Terry has been writing, performing, producing, and directing over the last 40 years. She won grants, fellowships and awards in theater, literature, radio and video from organizations all over the United States and in Europe. During this same time period, I recognized I was A.D.D., started medication and went to graduate school in the Bay Area and became an ordained minister.

In 2019 Terry had what is probably a “World’s First” experience. Her play Lardo Weeping was adapted into a short opera for Local Opera Local Artists (LOLA) here in Austin, by Peter Stopschinski. I would bet Terry is the first playwright who wrote a play as a deaf woman and years later was able to listen to it as an opera. She is still deaf, but now she can hear thanks to cochlear implants. So, she can now experience her work for the first time, in a whole new way. In 2019, I wrote my first play Monkey Lights, produced by TILT Performance Group, as part of the FLIPSIDE REDUX production.

Terry has built a legacy of initiation and innovation, co-founding new companies, including Esther’s Follies in Austin, Texas and Actual Lives with Art Spark Texas. I prefer to sneak in my insights and brilliant ideas while providing emotional support, carrying the bags, measuring frames and making the tea for whomever is forging the path.

Terry declares she loves comedy, humor and bad jokes. She loves to have fun and be playful. Terry’s art can be challenging for some people, but even on video, her performances are always authentic, embodied, physical, and intellectually brilliant. I have spent the last 30 years teaching myself to play, and take risks having fun first as a performer, then as an actor, and then eventually applying this vulnerability to the rest of my life.

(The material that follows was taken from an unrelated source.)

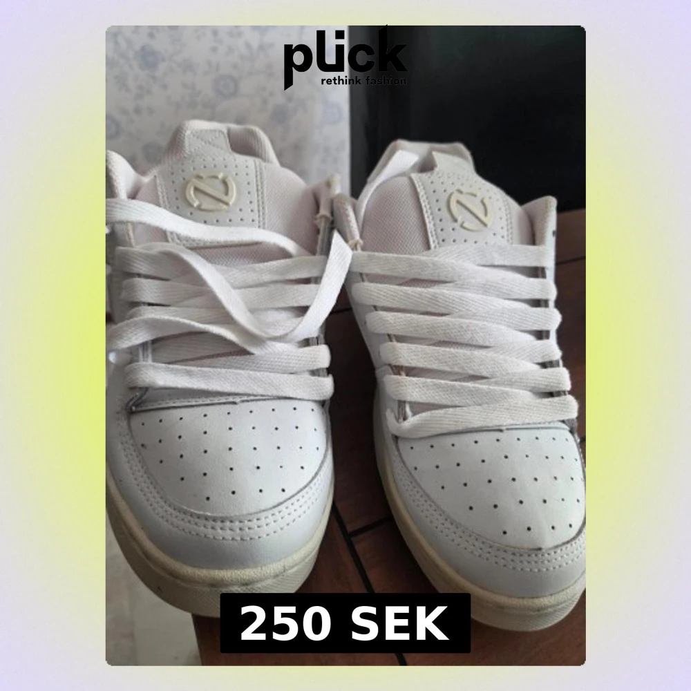 Snygga vita sneakers med perforerad tå och tjocka vita snören. Skorna har en låg profil och en stilren design med diskret logga på plösen. Ovandelen är i syntetmaterial och mesh för bra andningsförmåga. Perfekta för en clean och fräsch look.Fläckarna i skorna går säkert att tvätta bort.

This week, between watching Terry Galloway videos and listening to her podcasts, I’ve been reading the book “Bad Feminist” by Roxanne Gay. Like my discovery of Terry Galloway, despite the glaring differences in our backgrounds and experiences, I find myself seen and validated by Gay’s insights. What I appreciate about them both is their courage, their outsider POV that gives them the ability to reveal sacred cows and make unique connections.

Because of my natural resistance to blind conformity combined with my Gemini tendency to see numerous POVs, and my low tolerance for inauthenticity, I have playfully referred to myself as a “Bad Feminist” for years. The fact that I have missed out on the work of Terry Galloway until now, I think I will have to change to, “I am a Bad Butch-Lesbian-Disabled-Writer-Activist-Actor-with queer tendencies… oh and Feminist too.

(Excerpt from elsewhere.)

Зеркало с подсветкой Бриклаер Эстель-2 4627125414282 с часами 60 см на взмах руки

I hope I will be blessed enough to have the opportunity to train or work with Terry some day and it is my wish for those of you who haven’t discovered her work yet, to do so soon.

Terry will be joining Art Spark for our virtual COMMUNITY CONVERSATIONS / ARTIST ROUNDTABLES on Wednesday, July 22nd–7:00 PM.

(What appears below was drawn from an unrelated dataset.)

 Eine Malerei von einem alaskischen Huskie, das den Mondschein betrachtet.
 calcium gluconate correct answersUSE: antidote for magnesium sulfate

To join us for our conversation with Terry Galloway, watch for our announcements on social media, or email [email protected] for the Go To Meeting link.

If you want to learn more about Terry and experience some of her work, visit http://www.theterrygalloway.com.

To learn more about the company she founded and runs today in Florida with her wife Donna Marie Nudd, visit http://www.mickeefaust.com.

“I love performance you know, I truly do and I think there’s nothing like being in the room and you know particularly if it works the way you want it to, you know cathartic, yeah that’s something.”